この半年、私は五重強化に関しても磨きをかけている。
以前の四重強化のような、直線的な動きであれば戦闘に組み込めるくらいまで練度を上げていた。
そう、こうして森の木々を蹴っ飛ばしながら移動しているのも、五重強化を実戦で使うため。

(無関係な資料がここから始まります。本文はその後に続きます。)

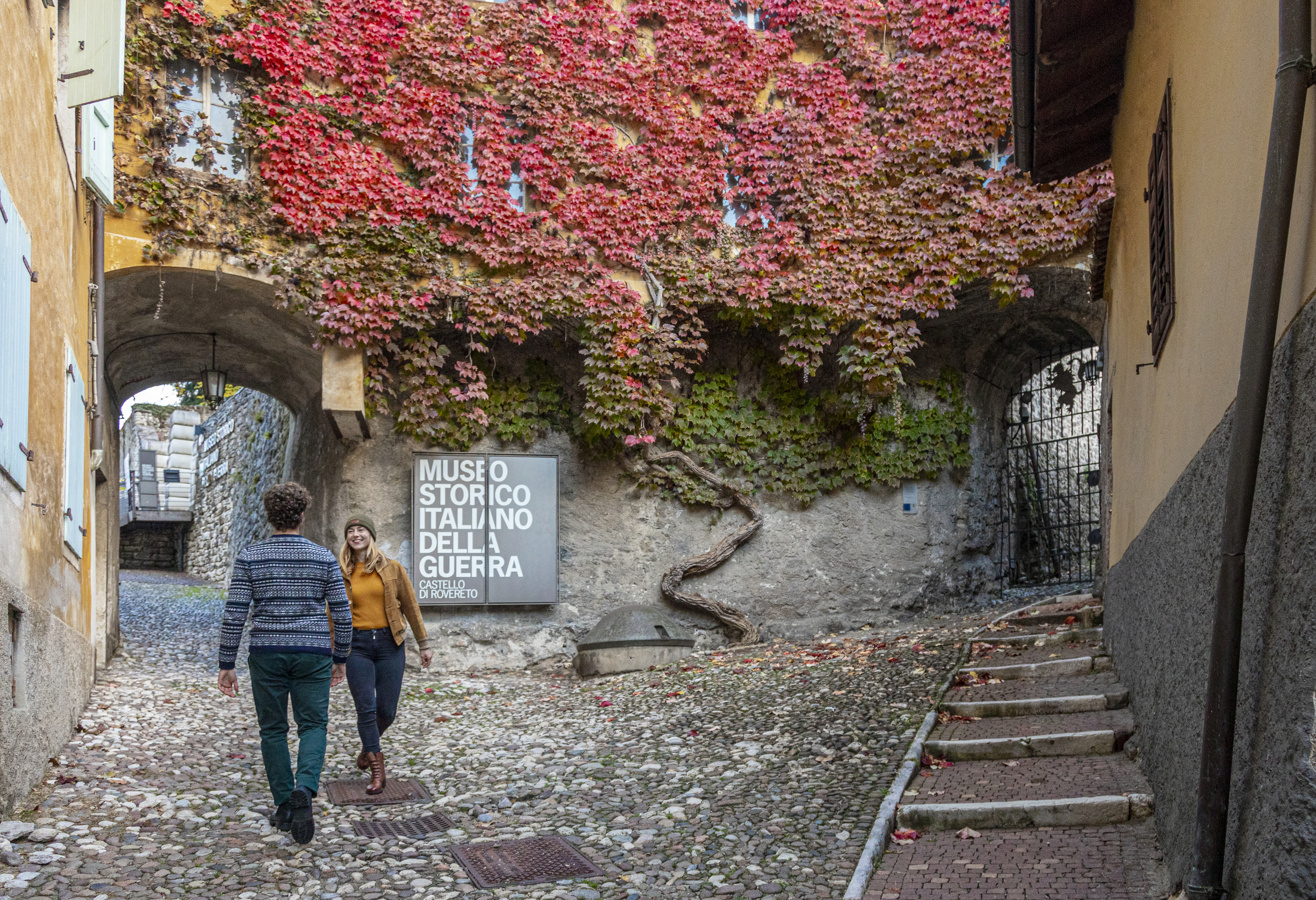 Con una passeggiata di poco più di mille metri dalla Piazza del MART fino al quartiere di Santa Maria, si possono ammirare una moltitudine di ‘meraviglie’ che rendono il percorso uno dei più belli del Trentino dal punto di vista storico-artistico. Un itinerario attraverso sette secoli di storia ed epoche diverse che offre un “assaggio” della città, da approfondire individualmente secondo i propri interessi. Dal MART si percorre Corso Bettini per raggiungere Piazza Rosmini con il Palazzo Del Ben, la grande fontana e Corso Rosmini, boulevard della città. Appena lasciato il MART, nel settecentesco Palazzo Alberti Poja in Corso Bettini, è visitabile lo Spazio Fausto Melotti, dedicato ad uno dei più celebri artisti italiani del Novecento, nato a Rovereto nel 1901. La selezione di opere in mostra comprende disegni, sculture, ceramiche, installazioni polimateriche realizzate tra il 1930 e il 1980, provenienti dalla Collezioni del MART. Bastano pochi minuti a piedi per raggiungere il centro storico: da Piazza Rosmini a Piazza Battisti, fino a Piazza del Podestà, si cammina tra vicoli e stretti campielli dove si affacciano numerose le botteghe storiche, si aprono le piazze. E alzando lo sguardo si riconoscono le commistioni architettoniche e le influenze veneziane sulle facciate di chiese e palazzi, eredità del secolo di appartenenza della città alla Serenissima. Dalla via Rialto si raggiunge la Porta di San Marco e l’omonima chiesa barocca - dove un giovanissimo Mozart nel 1769 tenne il suo primo concerto pubblico in Italia: Si prosegue lungo via della Terra fino alla Casa d'Arte Futurista Depero, unico museo al mondo fondato da un artista futurista. Sulla sinistra si innalzano i bastioni del Castello di Rovereto, uno nei migliori esempi di fortificazione alpina di epoca tardomedievale. Il castello è sede del Museo Storico Italiano della Guerra, che conserva memorie, oggetti, fotografie, documenti, uniformi e materiali relativi alla Prima guerra mondiale. A Palazzo Pretorio, invece, si apprezzano le decorazioni delle sue facciate. Si attraversa quindi il Ponte Forbato, sul torrente Leno, e si accede al quartiere di S. Maria dove termina il “chilometro”. Percorrendo la ciclabile sul Lungoleno verso ovest si raggiunge il quartiere di Borgosacco, dove si respira l’innovazione e il futuro negli edifici della storica Manifattura Tabacchi, riconvertita a incubatore di start up e integrata da “Be Factory”, 25 mila metri quadrati di moduli produttivi di legno e vetro, disegnati dall’archistar giapponese Kengo Kuma.

ココに加えて幻象によるバフ諸々も加われば――もはやちょっとした大型魔物なんて歯牙にも欠ける必要がないくらいになっていたのだ。
「いやそれにしても、最高ですねぇこの場所は!」
続く魔物も切り捨てて、更に別の魔物も一刀両断。
それはもう、ハイペースに魔物を処理していく。
特筆すべきは、その魔物のほとんどがポンくん並のヤバい魔物であるということ。
いや、一撃で処理してはいるけれど、本当に強いのだ。
何だったら昔戦った、宿痾の鬼と同じくらい強いやつもちょっと混じっている。
最低でも、ラリスで二つ名を持つくらいの上位冒険者が必要なレベルの魔物がいるそこは――一言でいうと、こう呼ばれていた。
「魔境というのは、ほんっとうに最高の狩り場です!」
魔境。
二体の六大宿痾が作り出した地獄。
とはいえ周囲の環境は、木々の生い茂る森林だ。
人の手が入っていない、中々ヤバい環境ではあるものの、地獄という感じはしない。
しかしそれは私がいる場所が、魔境の本当に端の方だからというのも大きい。
中心に向かえば向かうほど、瘴気に満ちた毒々しい場所へと変貌していくという。
というか、まぁ。
かれこれ二ヶ月ほどここで蛮族をしているけれど、魔物が一切途切れないくらいにはヤバい場所だ。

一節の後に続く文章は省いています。